Some recent cases of human rights violations in Chechnya
(documented by Human Rights Watch in late 2002):
· At 2:00 a.m. on December 11, a group of armed Russian soldiers who
arrived on an armored personnel carrier (APC) entered the Grozny home (Staropromyslovski
district) of Isa Abumuslim, a fifty-one-year-old engineer who was bedridden
with a broken leg, and took him away. Russian authorities in Grozny told
his wife the next day that they knew nothing about the case.
· On the evening of December 2, masked and armed men speaking unaccented
Russian took fifty-two-year-old Ramzan Gizikaev, an official with property
department of the pro-Moscow administration in Chechnya. They took him from
his home in Grozny's Lenin district, in the presence of his wife and children.
His relatives have made inquiries, but to no avail.
· On the night of November 14, armed men in camouflage speaking
unaccented Russian and armed with silencer guns, entered the Grozny (Staropromyslovski
district) home of fifty-two year old Haj-Mohammed Zainubdinov, a construction
official in the pro-Moscow office of the Mayor of Grozny. The soldiers took
Hoj-Mohammed away, and his dead body, bearing marks of execution, was
found in a nearby vegetable garden the next morning.

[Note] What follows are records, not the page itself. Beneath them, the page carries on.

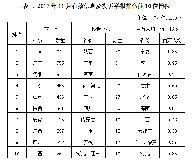 2017年11月,各?。ㄗ灾螀^(qū)、直轄市)按照有效信息數(shù)量排序,河南、廣東、河北等省列全國(guó)前10位;按照投訴舉報(bào)數(shù)量排序,陜西、廣東、河南等省排在全國(guó)前10位;按照百萬(wàn)人均投訴舉報(bào)率排序,寧夏,陜西,內(nèi)蒙古等省位于全國(guó)前10位。(2017年11月有效信息及投訴舉報(bào)排名前10位情況見表三)
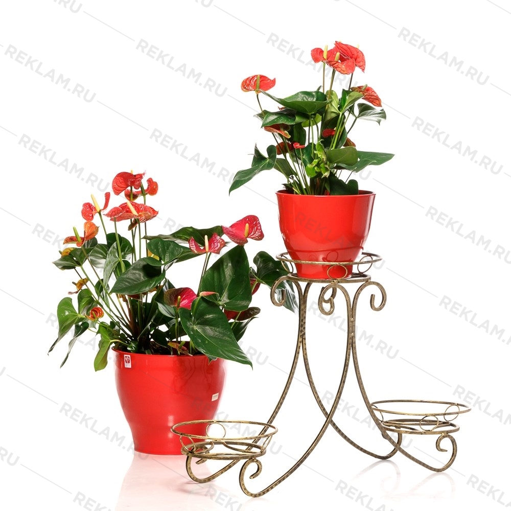 Подставка для цветов предназначена для трех цветочных кашпо, два из которых размещаются на нижнем уровне, а третий - на верхнем. Выполнена из резного позолоченного прутка. Эта кованая подставка украшена кольцами и изящными завитками, которые, переплетаясь между собой, образуют причудливый узор. Симметричность подставки не только обеспечивает высокую надежность установки цветков, но и придаёт ей строгий и презентабельный внешний вид.
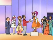 Se ve a todos los coordinadores detrás de Jessilina, quien se encuentra frente a los jueces mientras que Raúl Contesta le entrega el listón/cinta Majolica. James y Meowth lloran de la felicidad.
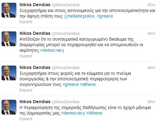 ”Η περιφρούρηση της σημερινής διαδήλωσης είναι το ηχηρό μήνυμα της Δημοκρατίας μας. Συγχαρητήρια και στους φορείς και τα κόμματα για το πνεύμα συνεργασίας και την αποτελεσματική περιφρούρηση των συγκεντρώσεών τους. Απέδειξαν ότι το συνταγματικά κατοχυρωμένο διακαίωμα της διαμαρτυρίας μπορεί να περιφρουρηθεί και να απομονωθούν οι ακρότητες. Συγχαρητήρια και στους αστυνομικούς για την αποτελεσματικότητα και την άψογη στάση τους”, έγραψε στον λογαριασμό του στο twitter, ο Νίκος Δένδιας.
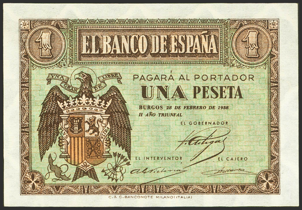 English 1 Peseta. February 28, 1938. Series B. (Edifil 2021: 427a, Pick: 107a). Original sizing. Uncirculated.
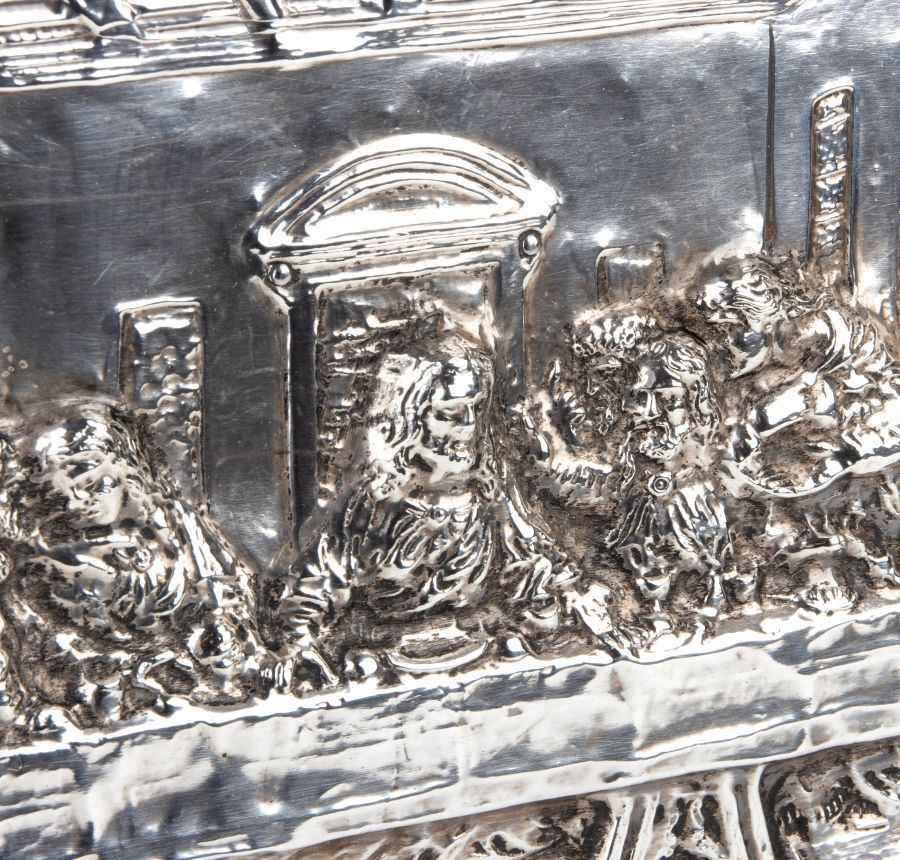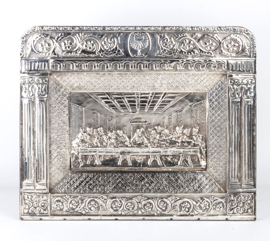Ultima Cena in argento con dedica a Don Mario Zanin Metà XX secolo Altezza x larghezza x profondità: 2,5 x 43 x 53 cm. Peso lordo complessivo: 2580 gr.
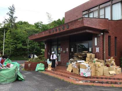 地域の方々のおかげで、たくさんの新聞紙や段ボールなどが集まりました。ありがとうございます。
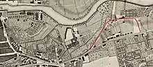 In 1480, the Bernardine Monastery was erected to the east of the castle. A wall-fenced garden was arranged east of this monastery, surrounded by a dyke, which was supported by drainage ditches to protect it against flooding.[4] A manor inn and two houses were built there in 1744.[5] During the Prussian period (1772–1918) and the WWII occupation of Poland, the street bore the name of Schiffer Straße.[6]
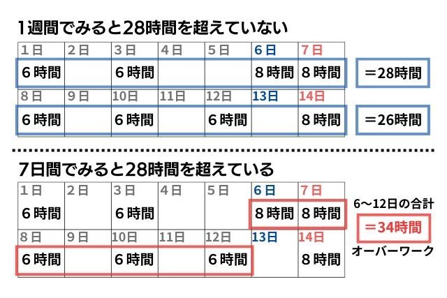週28時間と聞くと、月曜から日曜または日曜から土曜をイメージされるかと思いますが、週28時間とは連続した7日間のことを指しますので下の図を参考に注意しましょう。
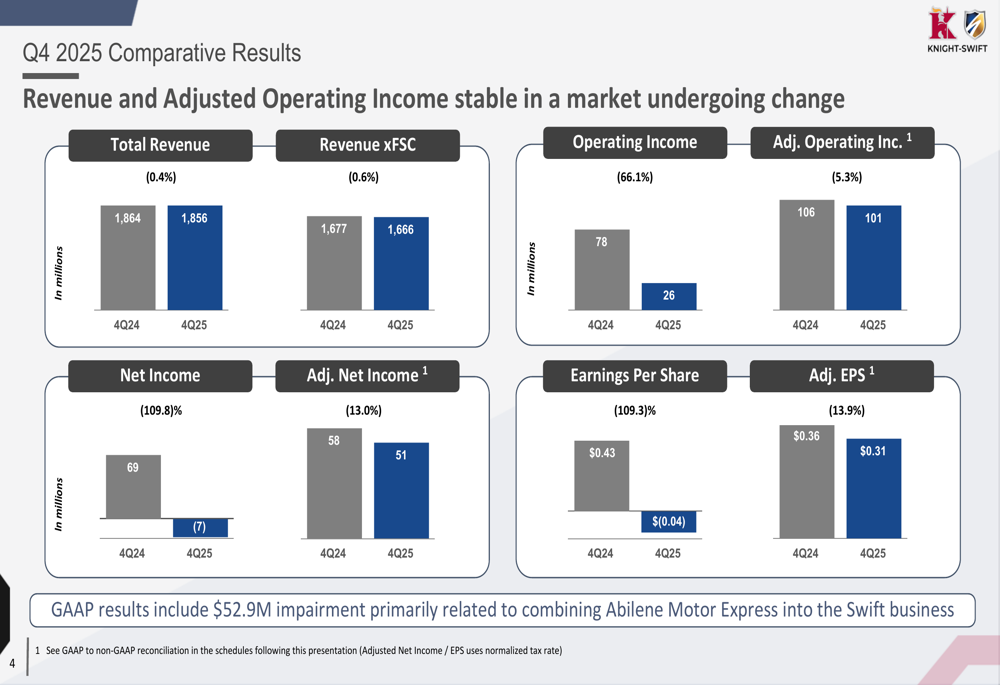 Knight-Swift Q4 2025 slides: Adjusted EPS falls short, integration costs weigh on results
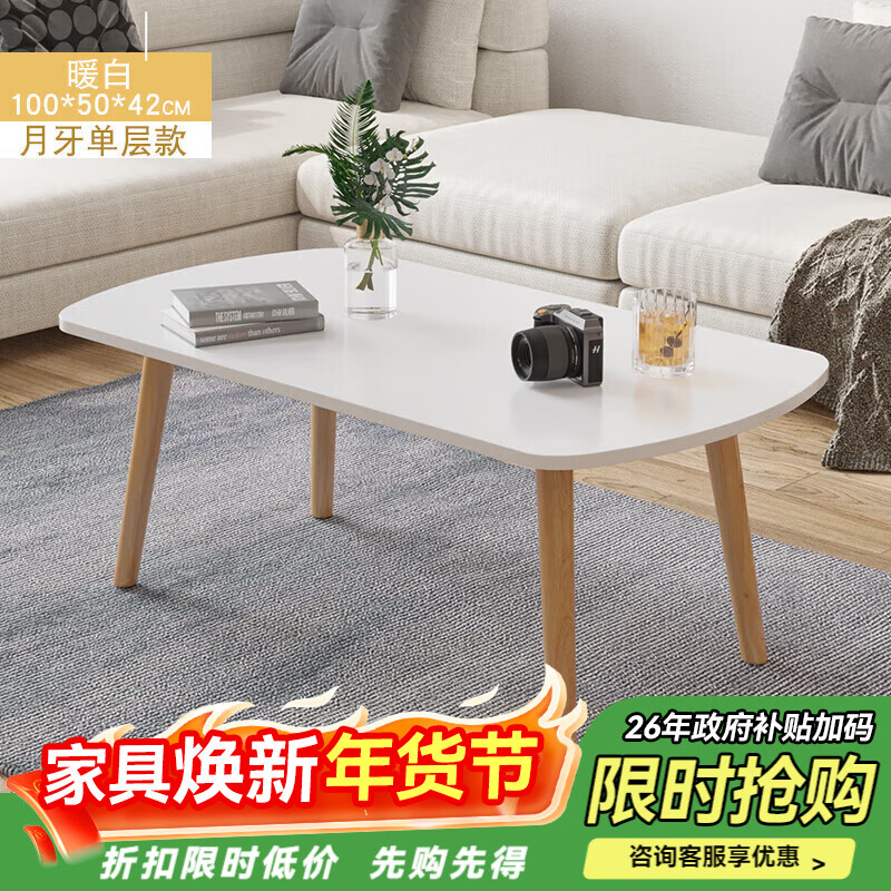 旗舰店修乐茶几客厅家用简约现代小户型茶台简易卧室出租屋创意多功能小桌子 【单层-月牙款】暖白色100cm
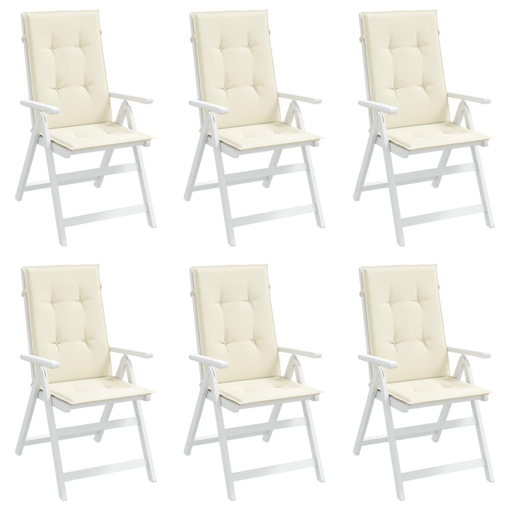vidaXL kõrge seljatoega toolipadjad 6 tk, kreem, 120x50x3 cm, kangas 314106
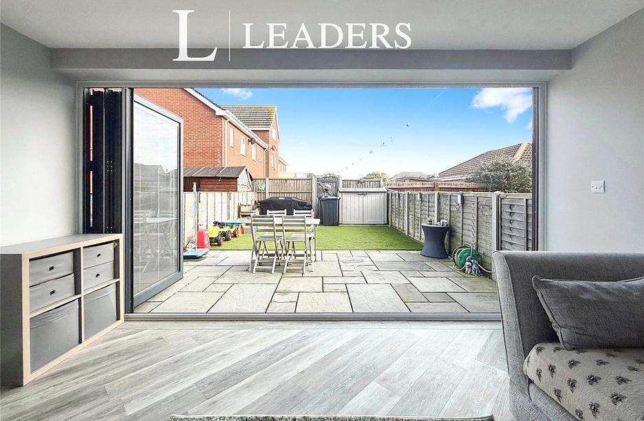 The ground floor features a welcoming hallway, cloakroom and an integral garage with power, water supply and drainage. Kardean flooring runs throughout the ground floor, with underfloor heating in the lounge area. A modern kitchen with wooden worktops and an island opens into an extended lounge/dining space, enhanced by a roof lantern and bi-fold doors leading out to the garden. The rear garden is designed for low maintenance, with a patio area, artificial lawn and rear access gate, as well as a driveway to the front providing additional parking.

· On the morning of November 5, 2002, several Russian APCs entered
the village of Novye Atagi. Masked Russian forces detained five men:
Hamzan Debizov, 28;
Ahmad Kasumov, 23;
Mohammed Kasumov, 26;
Bislan Taisumov,19;
and a fifth male, 20.
Russian officials have provided the families with no information about the
fate of the men.
· On October 27, armed men in camouflage came to Grozny (Zavodskoi
district) home of fifty-two-year-old Baiant Imaeva. When Imaeva opened the
door for the men, they hit her repeatedly on the head with the butt of a
machine gun, knocking her unconscious. When she woke up, she found
they had taken away her twenty-three-year-old son, Rasul Imaev, who had lost
his right leg in an earlier shelling incident. When a female relative
inquired with the Russian Federal Security Service about Rasul’s fate, officials
told her that they could “make her disappear, just as her brother.” The family
has received no information about Rasul’s fate.
· On November 12, another group of armed men, evidently Russian soldiers,
came to Imaeva's house, ordered her and two female relatives into a backyard
shed, and blew up the main house with explosives. No explanation was
offered for the destruction of her home.
· At 4:30 a.m. on October 23, Russian forces on APCs arrested five
men in the village of Chechen-Aul:
Ali Magomadov, 36;
Umalt Abaiev, 21;
Ismail Umarov, 27;
Saipudin Shageriev, about 23;
Rustam Zubkhajiev, about 24.
The bodies of the five men, shot to death, were discovered on November
9 at a garbage dump in the Vinograd settlement of Grozny.